The data.
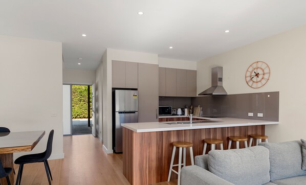 Entertain family and friends on the private deck with alfresco dining, or choose the 8 seat square flint dining table in the warm and spacious open dining area.
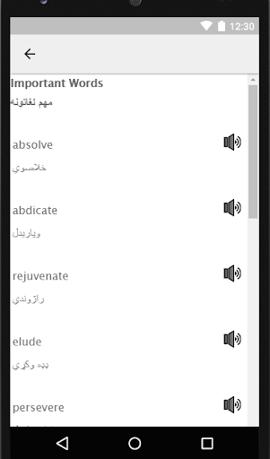 Learn English words from Pashto. English Vocabulary is a great asset to keep and harness. Learn English vocabulary in Pashto using audio. Get the confidence to speak English words using this English Word book. After learning these English words, you can take the first step towards learning Spoken English.
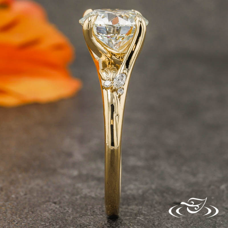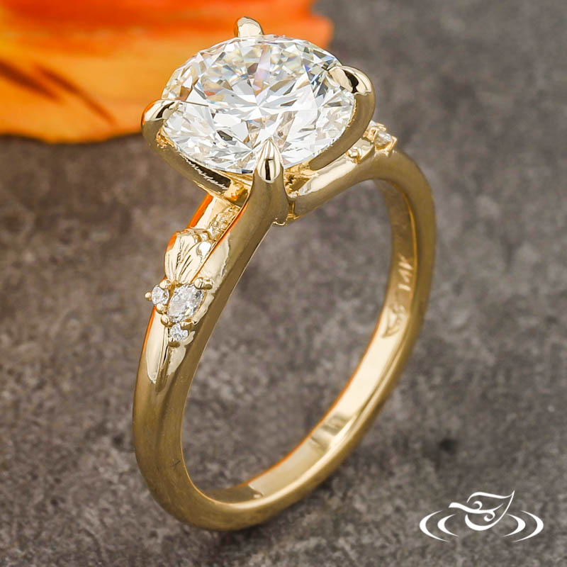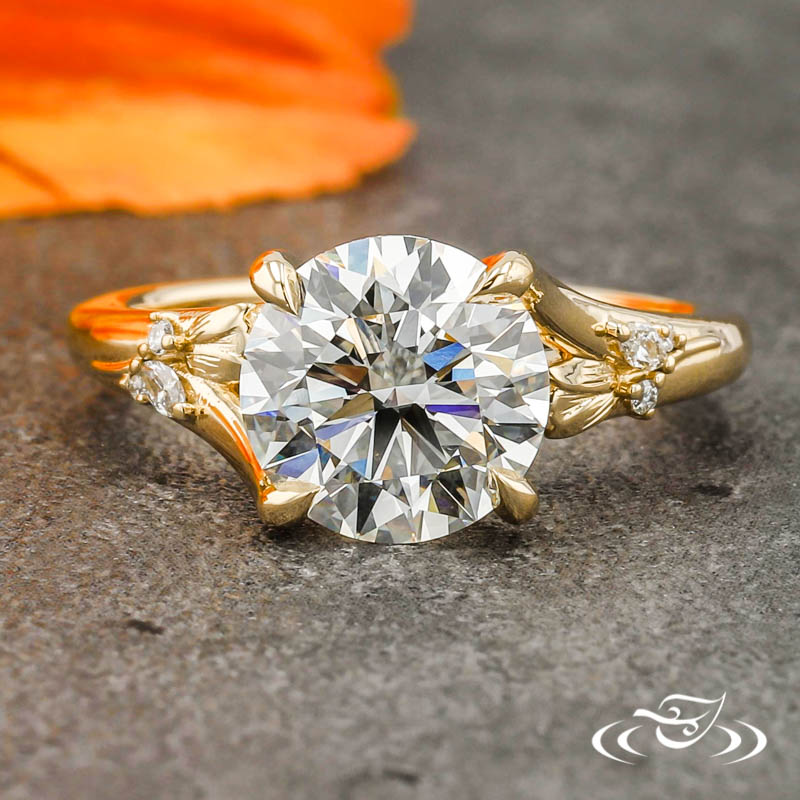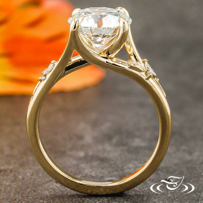 Custom 14kt yellow gold ring with a pronounced crisscross trellis design holding (1) GLJW provided round cut lab diamond center stone 4-prong set with pointed prongs. The split shoulders are formed from the trellis design and taper to form a singular round domed band. On each shoulder sits (1) cast-in-place raised rose with hand engraved petal detailing. Forming leaf-inspired elements on the stem of each rose are (2) micro-prong set GLJW provided round cut lab diamond melee and (1) micro-prong set GLJW provided marquise cut lab diamond melee. All with a bright high polish finish.

Work request.
When you copy the data, keep every line exact and drop the pictures.

Problem solution.
 Entertain family and friends on the private deck with alfresco dining, or choose the 8 seat square flint dining table in the warm and spacious open dining area.
 Learn English words from Pashto. English Vocabulary is a great asset to keep and harness. Learn English vocabulary in Pashto using audio. Get the confidence to speak English words using this English Word book. After learning these English words, you can take the first step towards learning Spoken English.
 Custom 14kt yellow gold ring with a pronounced crisscross trellis design holding (1) GLJW provided round cut lab diamond center stone 4-prong set with pointed prongs. The split shoulders are formed from the trellis design and taper to form a singular round domed band. On each shoulder sits (1) cast-in-place raised rose with hand engraved petal detailing. Forming leaf-inspired elements on the stem of each rose are (2) micro-prong set GLJW provided round cut lab diamond melee and (1) micro-prong set GLJW provided marquise cut lab diamond melee. All with a bright high polish finish.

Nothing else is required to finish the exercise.